Entries taken from a collection:
------
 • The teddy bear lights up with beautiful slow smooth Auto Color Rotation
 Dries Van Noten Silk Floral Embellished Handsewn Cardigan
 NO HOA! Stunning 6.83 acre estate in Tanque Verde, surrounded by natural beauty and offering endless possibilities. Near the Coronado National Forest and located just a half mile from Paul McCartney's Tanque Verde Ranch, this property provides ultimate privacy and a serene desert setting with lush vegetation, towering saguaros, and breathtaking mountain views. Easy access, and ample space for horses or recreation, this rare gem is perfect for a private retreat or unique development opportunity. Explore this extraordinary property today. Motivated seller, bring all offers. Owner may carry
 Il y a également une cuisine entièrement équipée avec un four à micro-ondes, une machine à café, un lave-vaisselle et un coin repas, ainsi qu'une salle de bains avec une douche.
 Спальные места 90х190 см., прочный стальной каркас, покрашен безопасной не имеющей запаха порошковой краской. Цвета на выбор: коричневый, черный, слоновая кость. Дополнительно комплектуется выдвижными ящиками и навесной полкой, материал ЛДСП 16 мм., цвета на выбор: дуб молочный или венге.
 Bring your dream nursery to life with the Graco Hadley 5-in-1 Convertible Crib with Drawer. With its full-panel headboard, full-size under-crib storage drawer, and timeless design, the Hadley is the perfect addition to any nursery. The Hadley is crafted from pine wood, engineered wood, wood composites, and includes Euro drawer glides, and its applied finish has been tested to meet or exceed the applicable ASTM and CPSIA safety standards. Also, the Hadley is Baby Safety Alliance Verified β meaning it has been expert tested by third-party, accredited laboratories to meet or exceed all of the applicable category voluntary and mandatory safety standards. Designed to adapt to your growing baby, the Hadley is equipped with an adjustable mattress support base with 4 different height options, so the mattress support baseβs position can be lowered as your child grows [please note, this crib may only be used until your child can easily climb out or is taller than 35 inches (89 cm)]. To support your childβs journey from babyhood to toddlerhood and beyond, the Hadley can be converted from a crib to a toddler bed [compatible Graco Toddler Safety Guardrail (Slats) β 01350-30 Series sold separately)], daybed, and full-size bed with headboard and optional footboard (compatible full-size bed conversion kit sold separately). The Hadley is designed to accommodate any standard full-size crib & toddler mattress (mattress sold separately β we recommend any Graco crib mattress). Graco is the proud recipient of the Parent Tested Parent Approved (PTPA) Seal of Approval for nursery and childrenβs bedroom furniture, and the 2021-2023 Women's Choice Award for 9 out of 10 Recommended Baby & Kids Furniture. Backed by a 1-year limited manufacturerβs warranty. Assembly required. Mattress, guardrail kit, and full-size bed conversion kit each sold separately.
------
#### [YOUR GOAL]
Make a verbatim copy of each record.

#### [RESULT]
 • The teddy bear lights up with beautiful slow smooth Auto Color Rotation
 Dries Van Noten Silk Floral Embellished Handsewn Cardigan
 NO HOA! Stunning 6.83 acre estate in Tanque Verde, surrounded by natural beauty and offering endless possibilities. Near the Coronado National Forest and located just a half mile from Paul McCartney's Tanque Verde Ranch, this property provides ultimate privacy and a serene desert setting with lush vegetation, towering saguaros, and breathtaking mountain views. Easy access, and ample space for horses or recreation, this rare gem is perfect for a private retreat or unique development opportunity. Explore this extraordinary property today. Motivated seller, bring all offers. Owner may carry
 Il y a également une cuisine entièrement équipée avec un four à micro-ondes, une machine à café, un lave-vaisselle et un coin repas, ainsi qu'une salle de bains avec une douche.
 Спальные места 90х190 см., прочный стальной каркас, покрашен безопасной не имеющей запаха порошковой краской. Цвета на выбор: коричневый, черный, слоновая кость. Дополнительно комплектуется выдвижными ящиками и навесной полкой, материал ЛДСП 16 мм., цвета на выбор: дуб молочный или венге.
 Bring your dream nursery to life with the Graco Hadley 5-in-1 Convertible Crib with Drawer. With its full-panel headboard, full-size under-crib storage drawer, and timeless design, the Hadley is the perfect addition to any nursery. The Hadley is crafted from pine wood, engineered wood, wood composites, and includes Euro drawer glides, and its applied finish has been tested to meet or exceed the applicable ASTM and CPSIA safety standards. Also, the Hadley is Baby Safety Alliance Verified β meaning it has been expert tested by third-party, accredited laboratories to meet or exceed all of the applicable category voluntary and mandatory safety standards. Designed to adapt to your growing baby, the Hadley is equipped with an adjustable mattress support base with 4 different height options, so the mattress support baseβs position can be lowered as your child grows [please note, this crib may only be used until your child can easily climb out or is taller than 35 inches (89 cm)]. To support your childβs journey from babyhood to toddlerhood and beyond, the Hadley can be converted from a crib to a toddler bed [compatible Graco Toddler Safety Guardrail (Slats) β 01350-30 Series sold separately)], daybed, and full-size bed with headboard and optional footboard (compatible full-size bed conversion kit sold separately). The Hadley is designed to accommodate any standard full-size crib & toddler mattress (mattress sold separately β we recommend any Graco crib mattress). Graco is the proud recipient of the Parent Tested Parent Approved (PTPA) Seal of Approval for nursery and childrenβs bedroom furniture, and the 2021-2023 Women's Choice Award for 9 out of 10 Recommended Baby & Kids Furniture. Backed by a 1-year limited manufacturerβs warranty. Assembly required. Mattress, guardrail kit, and full-size bed conversion kit each sold separately.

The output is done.